What is needed: Would you output the entries below only from the line containing "①處死小鼠后,用剪刀和鑷子取出其雙側(cè)股骨和脛骨,剔除附著的肌肉和組織。" through the line containing "Türkiye'nin ilk astronotu", exactly as they stand and with both ends included?

Recorded information:
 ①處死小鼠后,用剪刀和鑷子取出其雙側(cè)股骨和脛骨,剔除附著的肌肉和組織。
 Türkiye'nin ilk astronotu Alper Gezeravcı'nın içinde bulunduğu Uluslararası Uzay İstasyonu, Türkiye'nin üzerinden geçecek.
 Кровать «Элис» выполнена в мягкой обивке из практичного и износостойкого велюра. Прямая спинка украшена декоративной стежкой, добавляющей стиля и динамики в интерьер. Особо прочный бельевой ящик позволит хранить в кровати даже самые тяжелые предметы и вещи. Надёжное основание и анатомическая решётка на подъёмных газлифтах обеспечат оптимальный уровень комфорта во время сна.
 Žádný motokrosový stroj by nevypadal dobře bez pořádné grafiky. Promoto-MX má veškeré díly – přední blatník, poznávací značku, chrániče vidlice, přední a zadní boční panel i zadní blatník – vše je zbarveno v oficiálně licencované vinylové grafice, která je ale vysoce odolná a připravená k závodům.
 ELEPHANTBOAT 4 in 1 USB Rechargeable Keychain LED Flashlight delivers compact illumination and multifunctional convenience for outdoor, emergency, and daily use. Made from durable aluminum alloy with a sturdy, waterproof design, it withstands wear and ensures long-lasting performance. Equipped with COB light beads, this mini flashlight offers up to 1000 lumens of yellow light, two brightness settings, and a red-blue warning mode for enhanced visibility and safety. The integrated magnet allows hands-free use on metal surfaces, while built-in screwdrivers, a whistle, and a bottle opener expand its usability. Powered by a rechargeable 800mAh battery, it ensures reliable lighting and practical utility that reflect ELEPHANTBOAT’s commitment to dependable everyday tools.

==

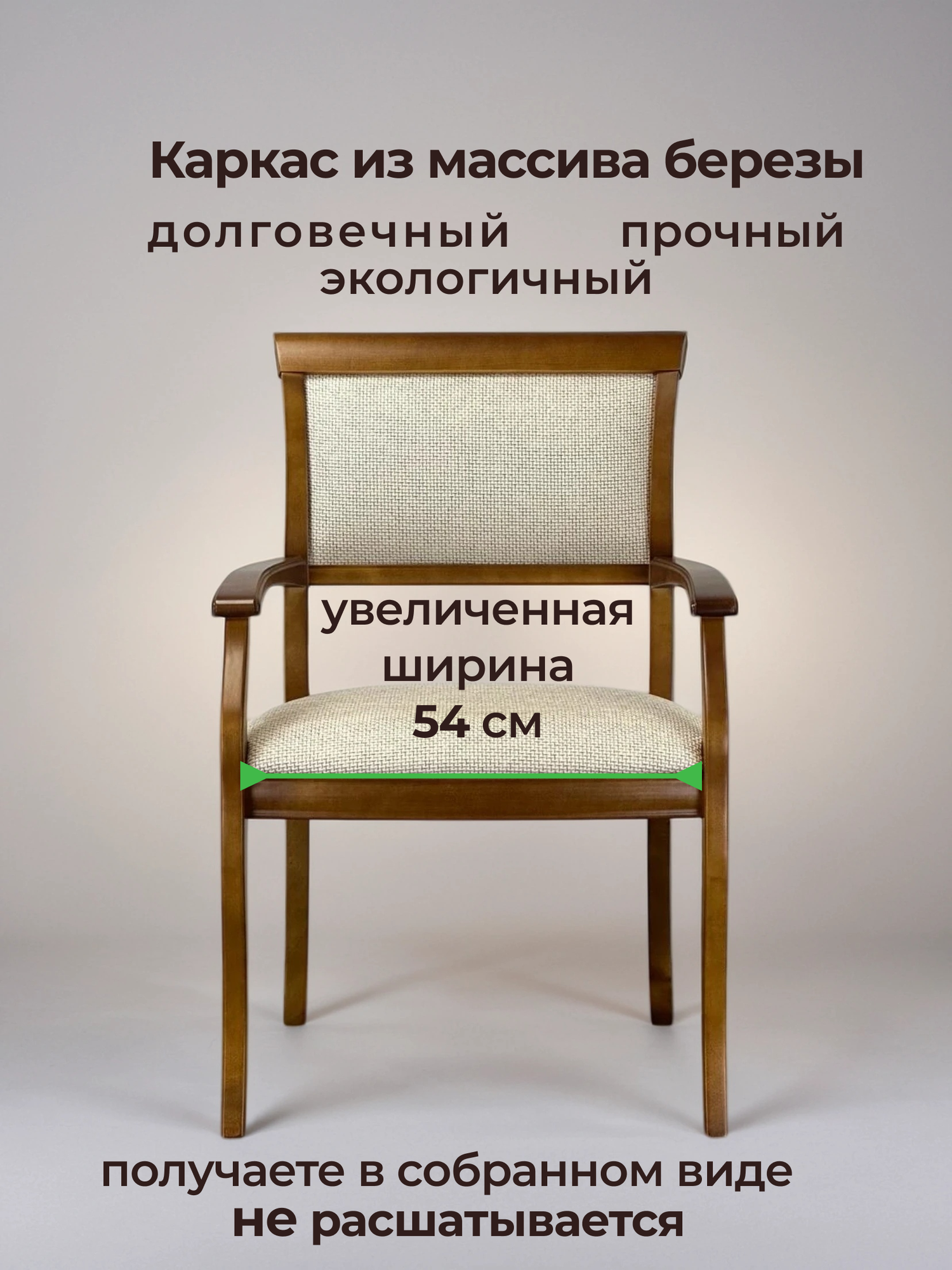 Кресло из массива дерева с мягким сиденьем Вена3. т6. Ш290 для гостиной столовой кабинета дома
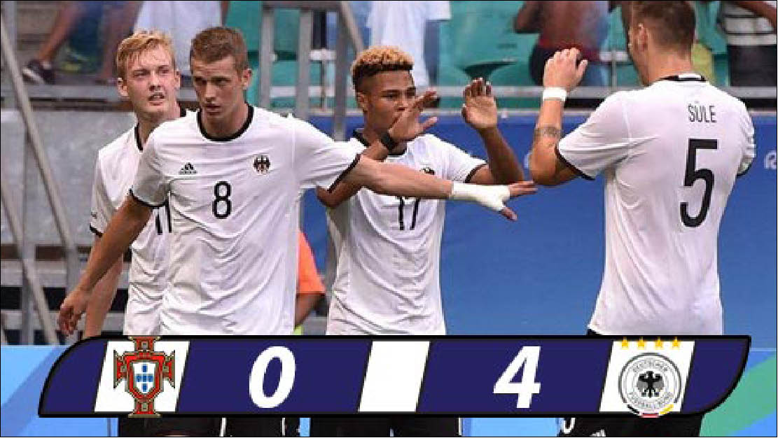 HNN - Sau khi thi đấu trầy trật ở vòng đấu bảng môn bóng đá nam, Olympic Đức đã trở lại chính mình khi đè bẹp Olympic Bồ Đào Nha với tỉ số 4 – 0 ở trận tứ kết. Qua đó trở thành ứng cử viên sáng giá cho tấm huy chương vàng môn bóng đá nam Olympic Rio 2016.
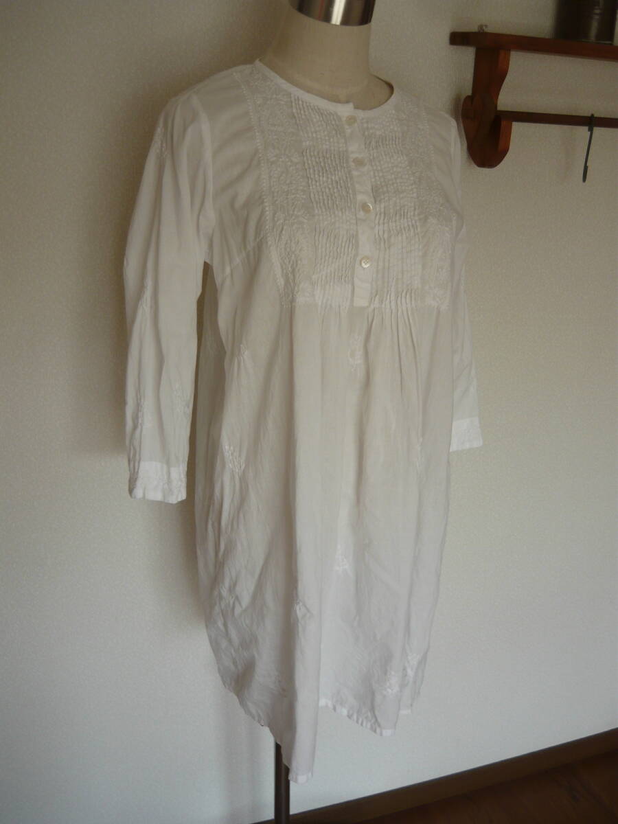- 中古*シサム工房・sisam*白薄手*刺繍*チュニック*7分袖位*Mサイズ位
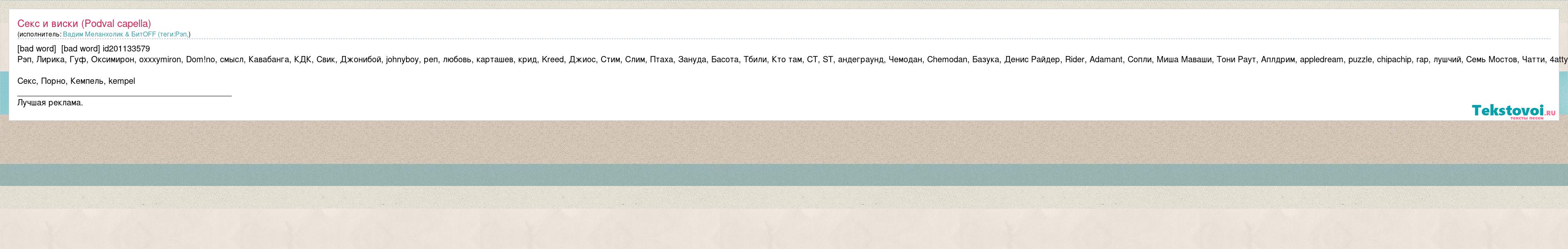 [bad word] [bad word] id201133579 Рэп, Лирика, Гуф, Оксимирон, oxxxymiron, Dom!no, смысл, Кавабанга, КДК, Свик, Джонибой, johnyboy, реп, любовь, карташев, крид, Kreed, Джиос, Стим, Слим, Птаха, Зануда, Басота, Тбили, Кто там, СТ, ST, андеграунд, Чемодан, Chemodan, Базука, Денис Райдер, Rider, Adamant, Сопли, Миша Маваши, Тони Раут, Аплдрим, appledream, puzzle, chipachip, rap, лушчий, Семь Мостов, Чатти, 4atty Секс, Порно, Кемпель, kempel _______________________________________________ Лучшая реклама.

Solution for this problem:
 ①處死小鼠后,用剪刀和鑷子取出其雙側(cè)股骨和脛骨,剔除附著的肌肉和組織。
 Türkiye'nin ilk astronotu Alper Gezeravcı'nın içinde bulunduğu Uluslararası Uzay İstasyonu, Türkiye'nin üzerinden geçecek.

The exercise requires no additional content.